--- Data records Enclosed Below ---

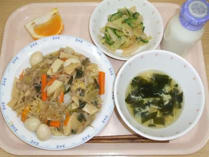 毎日、朝から楽しみにしている給食♪今日は具材がたくさん入った「シャンハイ麺」でした。配膳がちょっと難しい麺料理・・・。いつもの1年生は6年生のお手伝いに頼りっきりですが、今日は自分たちだけで見事に配膳をこなしました。
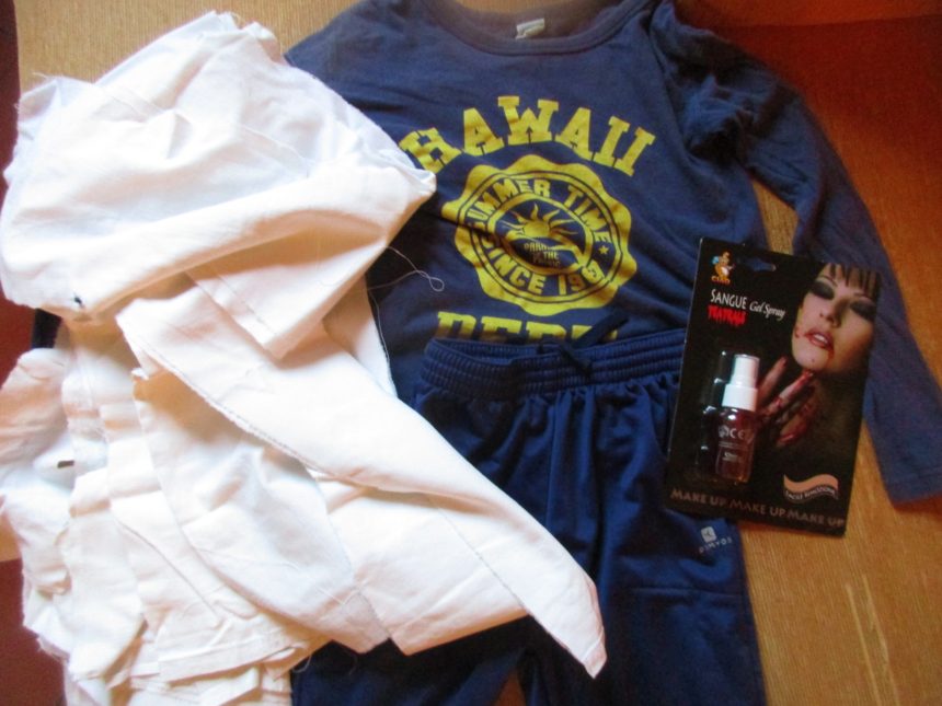これではキレイすぎるので、その後、少し破いたり、庭の枯れ葉や炭にこすりつけたり、市販品のウソもの血を吹き付けたりし・・・そして外は寒いので中にちょうどよい色合いのグレーのパーカーを、カーニバルの時に交わされた吸血鬼の歯と死神の杖?を持ち、ミイラの完成・・・なりきってます(笑)。
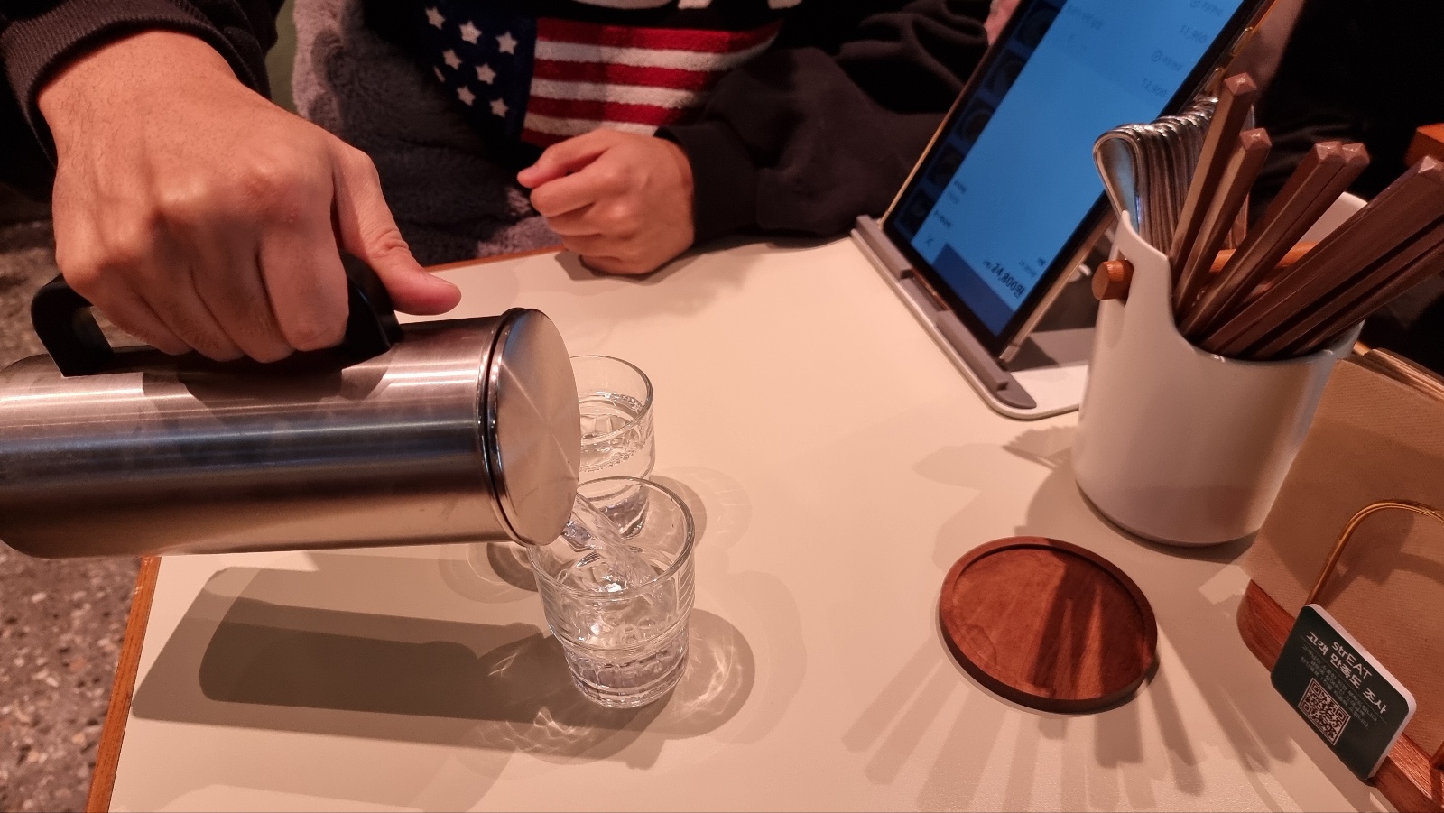 카페테리아형 식당이기 때문에, 밑반찬이 좌악~ 깔리는 스타일은 아닙니다. 분식점처럼 밑반찬은 본품과 함께 사이드로 약간 나오는 형태. 일단 물을 따라봅니다.
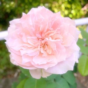 クロッシェさんがポツンと咲きました ようやく我が家にも秋薔薇ぽいお顔の子です ベビーピンクと優しい香りに癒されます
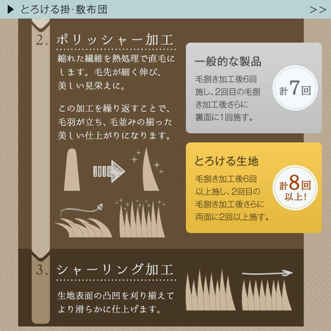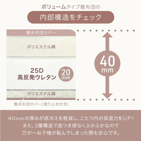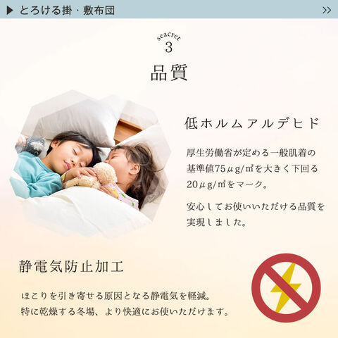 通常タイプ ┗やみつきとろける触感 ボリュームタイプ ┗さらにふかふか贅沢な厚み ・洗濯OKいつでも清潔 ・抗菌/防臭/洗濯耐久性のある帝人 フィルケア(R)綿 ・静電気防止加工でより快適 ・お子様にも安心の低ホルムアルデヒド ・滑り止め付き ・床からの冷気を防ぐウレタン入敷布団 |

--- End of Enclosed Data records ---

● Task
A verbatim printout of the entries above is expected, free of pictures.

● Expected output
 毎日、朝から楽しみにしている給食♪今日は具材がたくさん入った「シャンハイ麺」でした。配膳がちょっと難しい麺料理・・・。いつもの1年生は6年生のお手伝いに頼りっきりですが、今日は自分たちだけで見事に配膳をこなしました。
これではキレイすぎるので、その後、少し破いたり、庭の枯れ葉や炭にこすりつけたり、市販品のウソもの血を吹き付けたりし・・・そして外は寒いので中にちょうどよい色合いのグレーのパーカーを、カーニバルの時に交わされた吸血鬼の歯と死神の杖?を持ち、ミイラの完成・・・なりきってます(笑)。
 카페테리아형 식당이기 때문에, 밑반찬이 좌악~ 깔리는 스타일은 아닙니다. 분식점처럼 밑반찬은 본품과 함께 사이드로 약간 나오는 형태. 일단 물을 따라봅니다.
 クロッシェさんがポツンと咲きました ようやく我が家にも秋薔薇ぽいお顔の子です ベビーピンクと優しい香りに癒されます
 通常タイプ ┗やみつきとろける触感 ボリュームタイプ ┗さらにふかふか贅沢な厚み ・洗濯OKいつでも清潔 ・抗菌/防臭/洗濯耐久性のある帝人 フィルケア(R)綿 ・静電気防止加工でより快適 ・お子様にも安心の低ホルムアルデヒド ・滑り止め付き ・床からの冷気を防ぐウレタン入敷布団 |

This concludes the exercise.